(Working data):

· · · ·

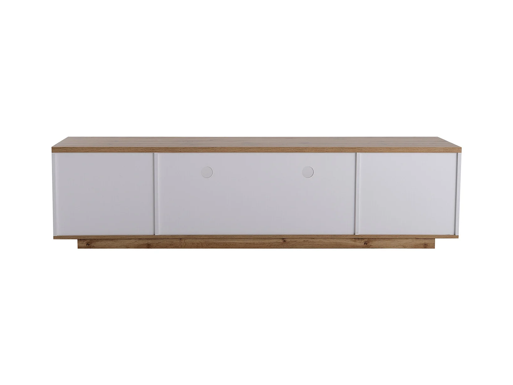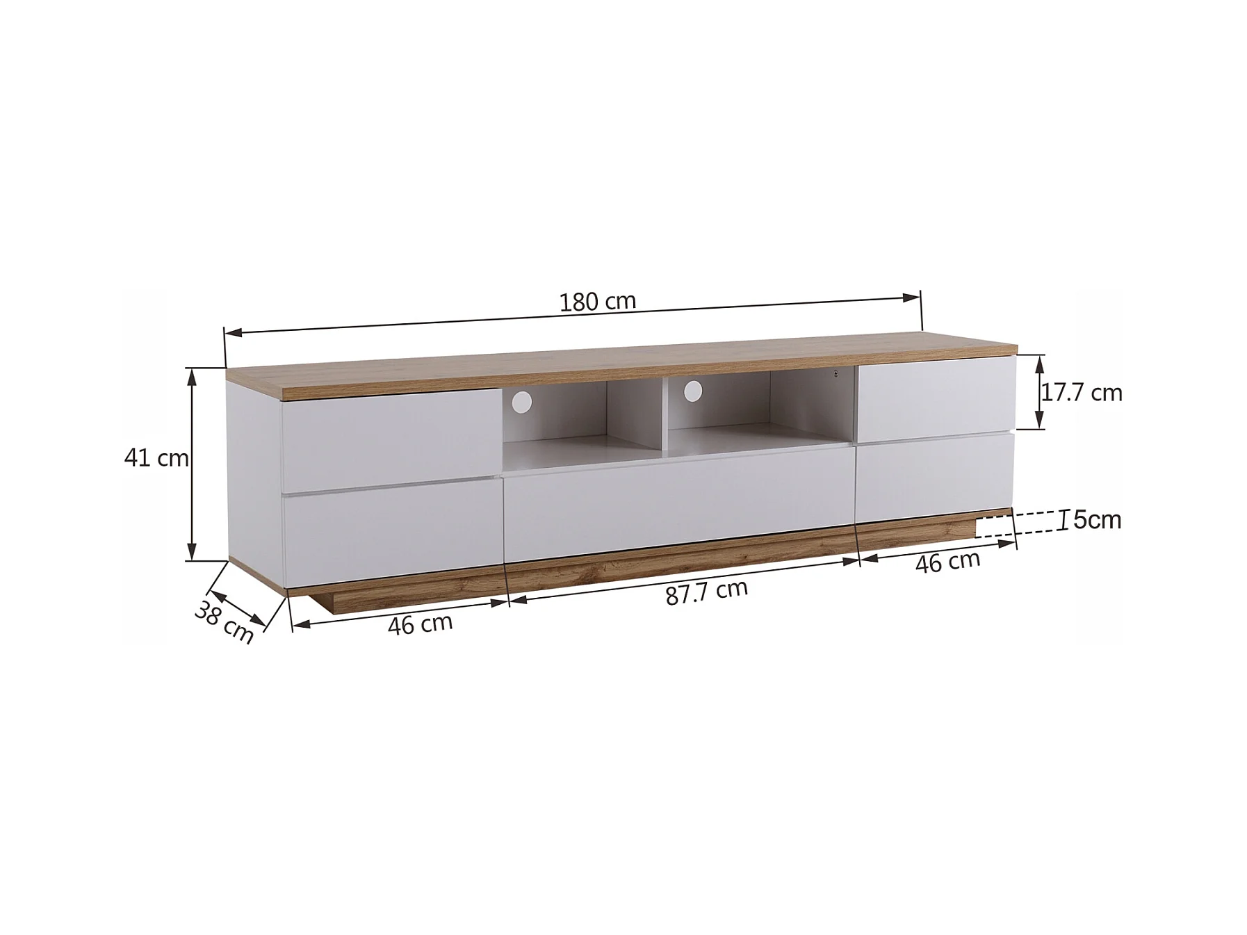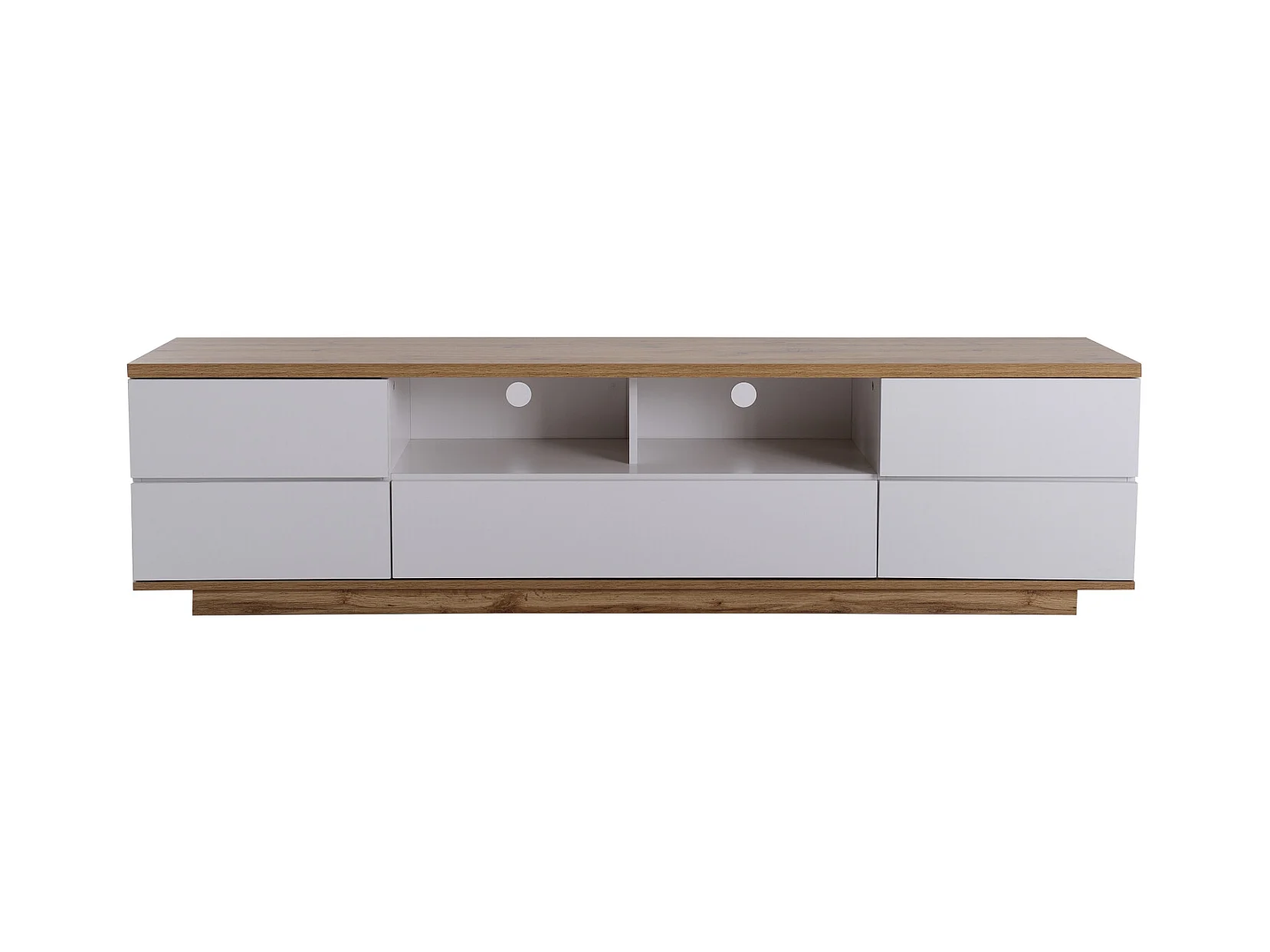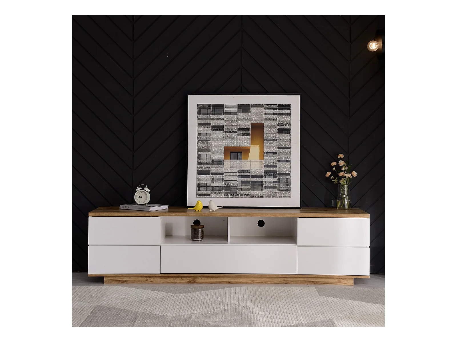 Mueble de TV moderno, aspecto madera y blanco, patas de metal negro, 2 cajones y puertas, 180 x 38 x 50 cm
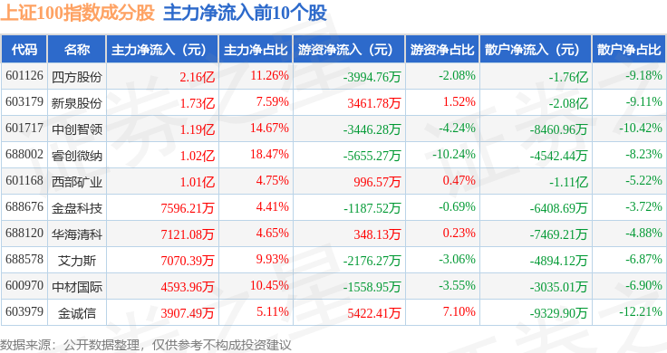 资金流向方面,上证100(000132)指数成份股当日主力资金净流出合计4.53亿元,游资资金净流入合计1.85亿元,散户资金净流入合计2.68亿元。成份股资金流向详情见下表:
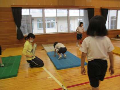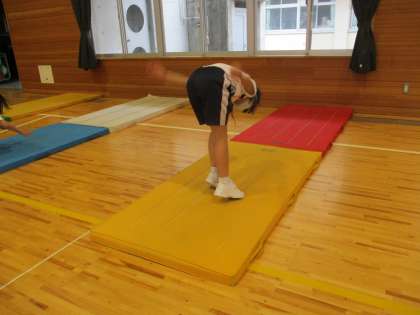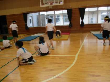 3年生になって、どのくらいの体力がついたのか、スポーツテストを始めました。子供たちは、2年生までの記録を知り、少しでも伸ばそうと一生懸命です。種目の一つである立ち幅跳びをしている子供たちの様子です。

· · · ·

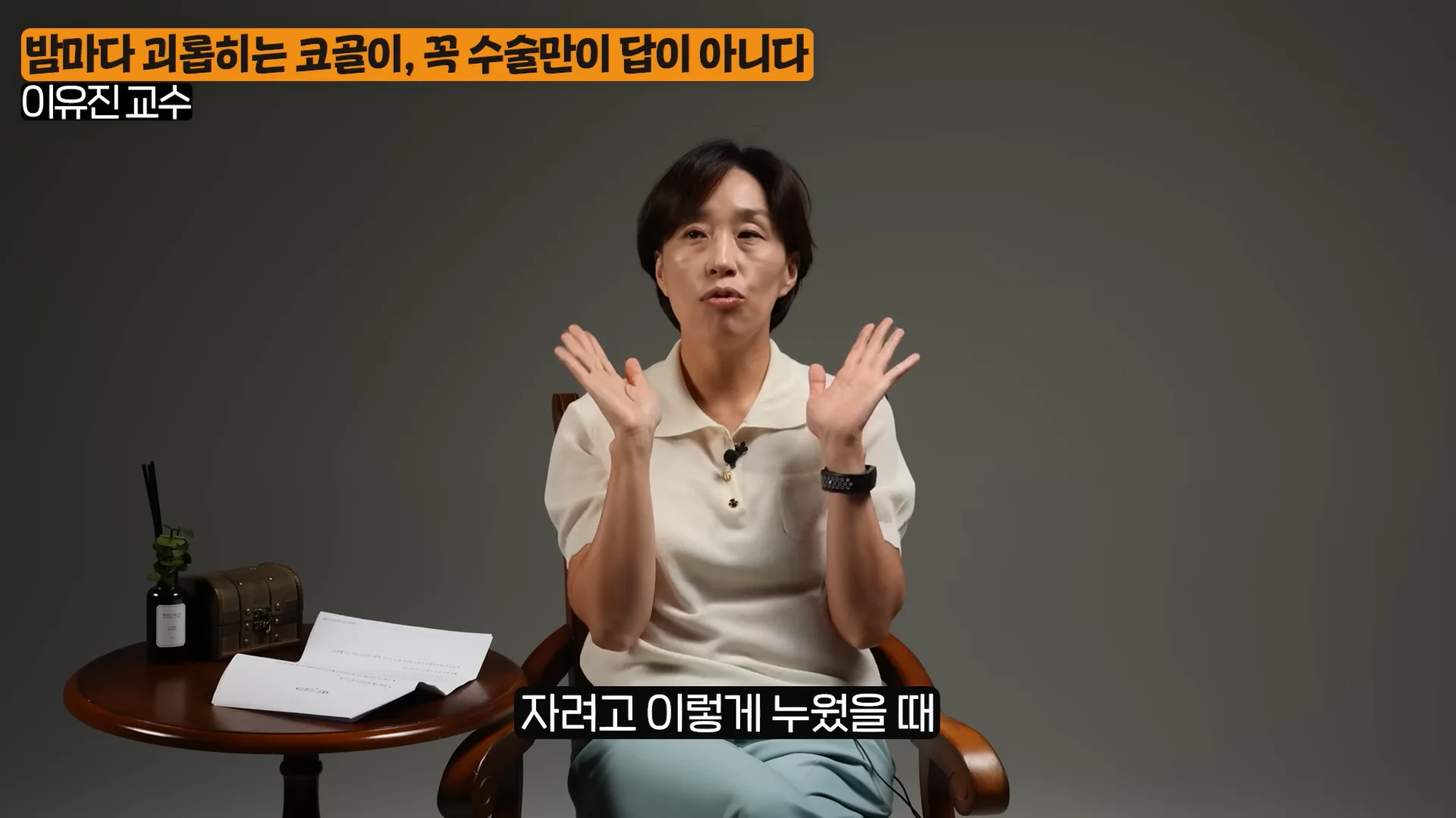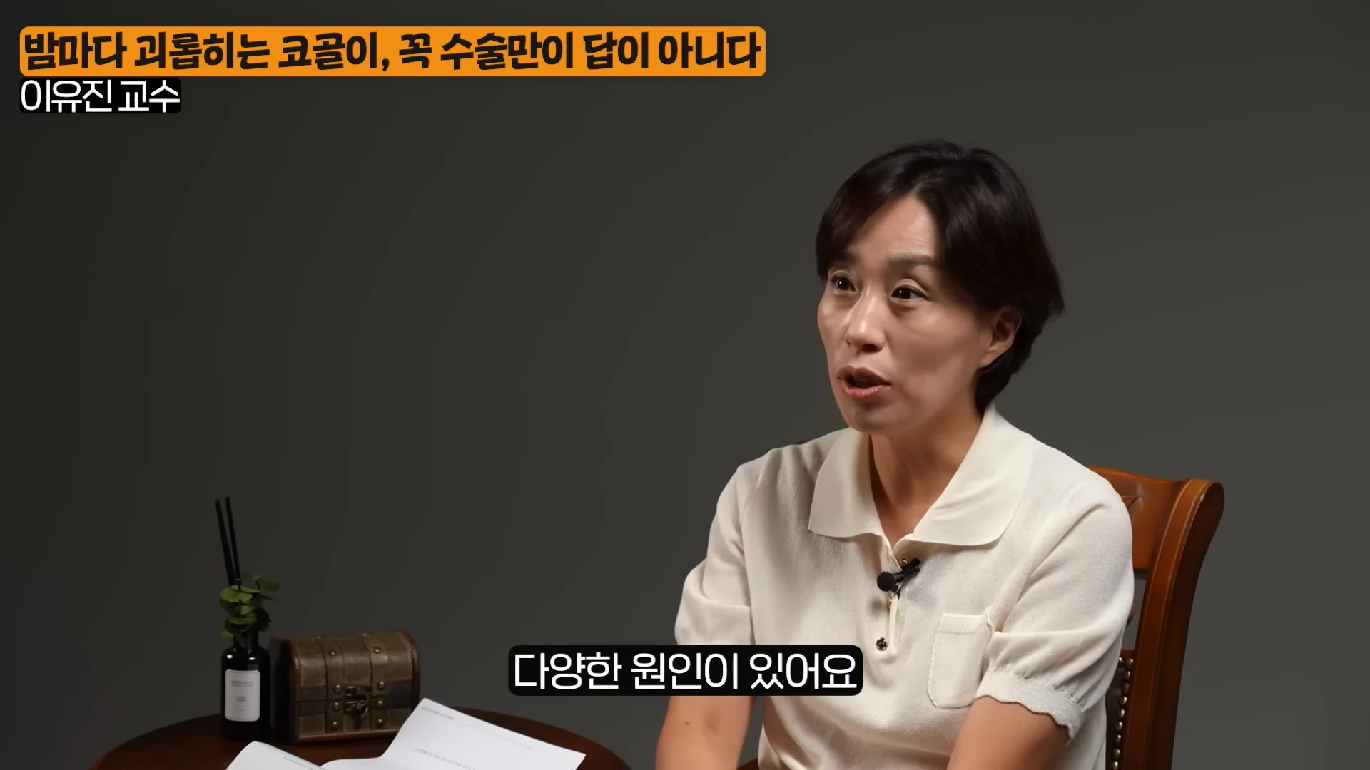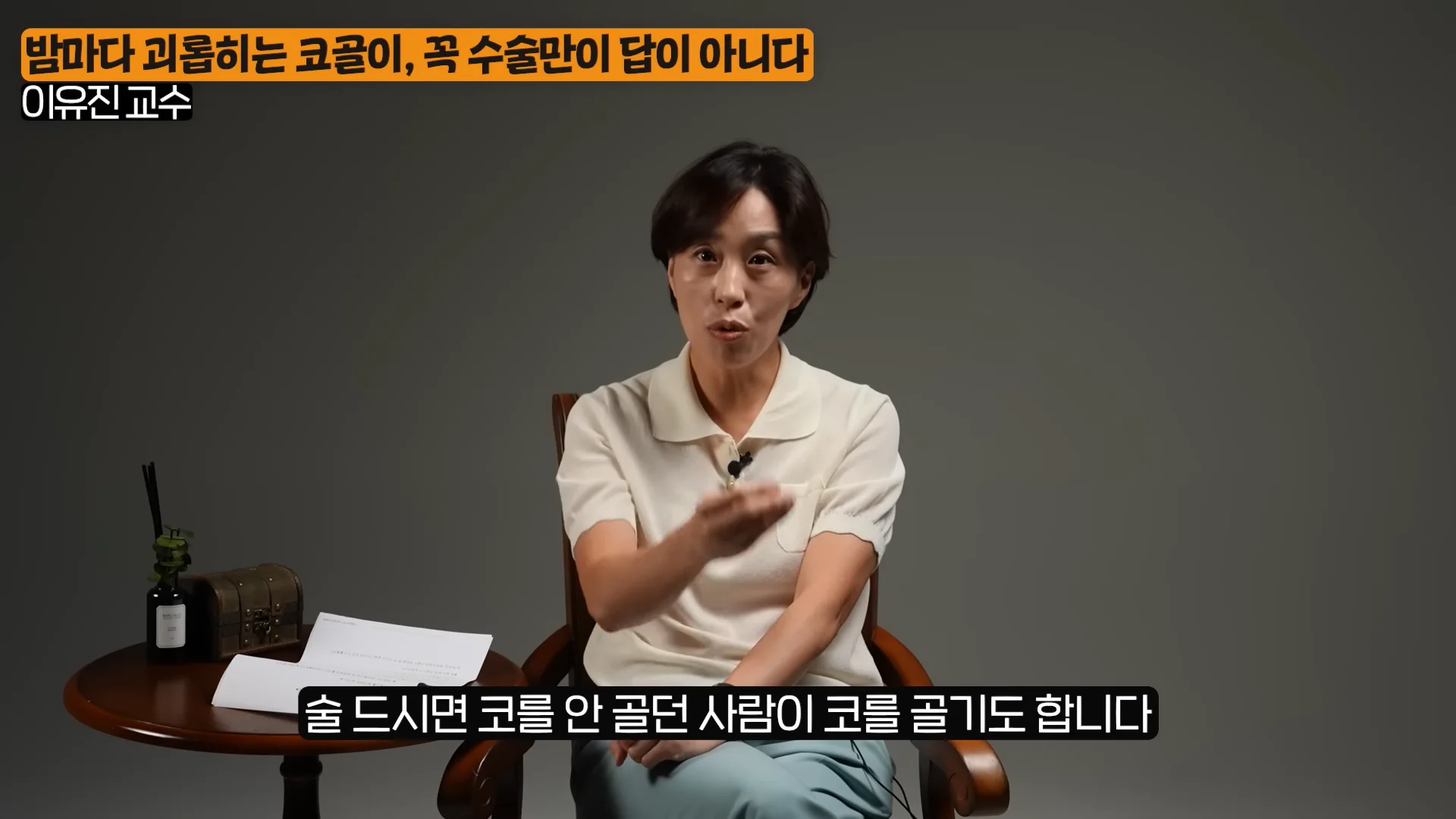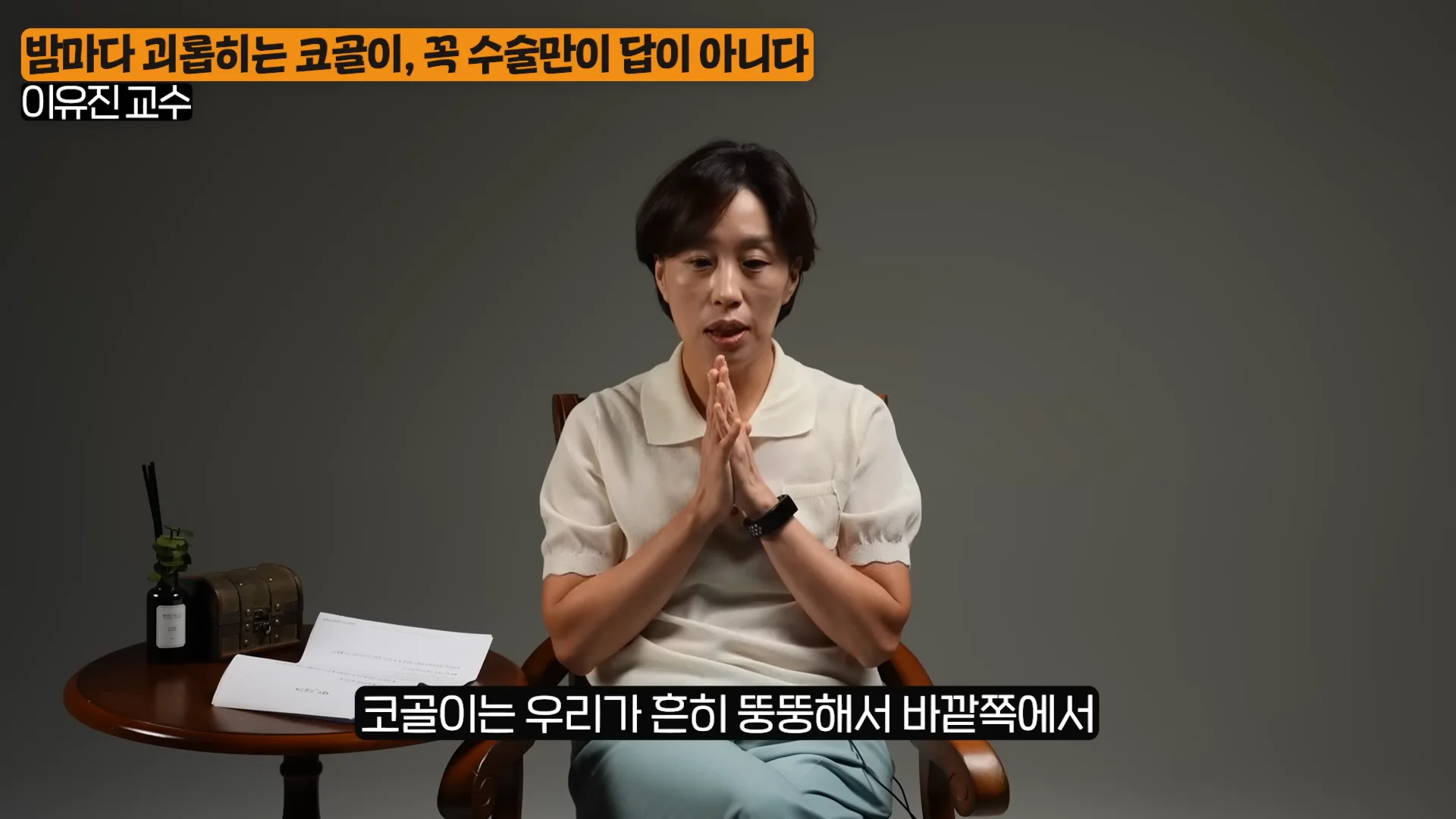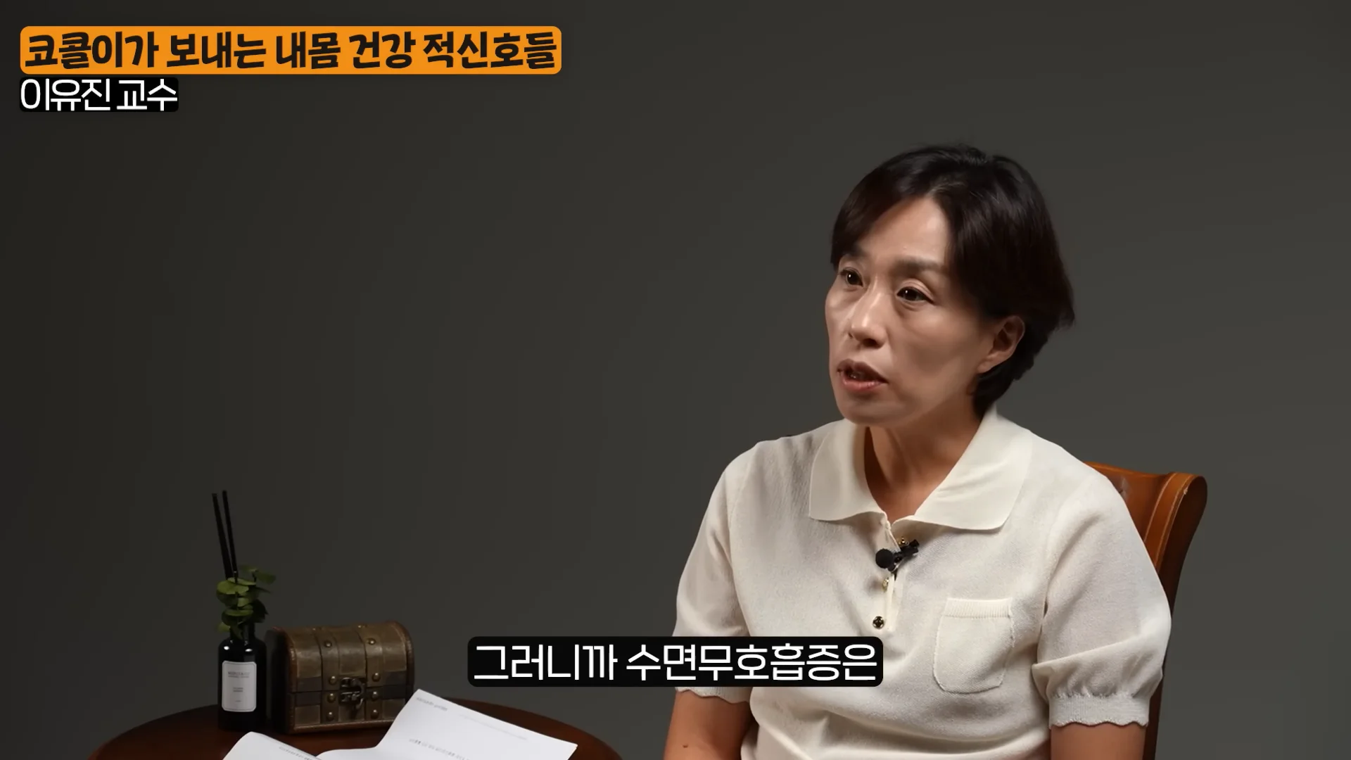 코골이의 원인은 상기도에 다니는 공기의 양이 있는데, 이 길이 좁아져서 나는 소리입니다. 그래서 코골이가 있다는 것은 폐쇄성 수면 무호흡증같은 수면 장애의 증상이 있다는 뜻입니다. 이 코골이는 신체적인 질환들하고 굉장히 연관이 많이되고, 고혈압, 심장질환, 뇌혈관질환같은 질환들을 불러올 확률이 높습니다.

· · · ·

(Aim of the exercise):
Copy word for word the lines above, starting at the line containing "Mueble de TV" and ending at the line containing "3年生になって、どのくらいの", inclusive, with no pictures.

(Exercise response):
 Mueble de TV moderno, aspecto madera y blanco, patas de metal negro, 2 cajones y puertas, 180 x 38 x 50 cm
 资金流向方面,上证100(000132)指数成份股当日主力资金净流出合计4.53亿元,游资资金净流入合计1.85亿元,散户资金净流入合计2.68亿元。成份股资金流向详情见下表:
 3年生になって、どのくらいの体力がついたのか、スポーツテストを始めました。子供たちは、2年生までの記録を知り、少しでも伸ばそうと一生懸命です。種目の一つである立ち幅跳びをしている子供たちの様子です。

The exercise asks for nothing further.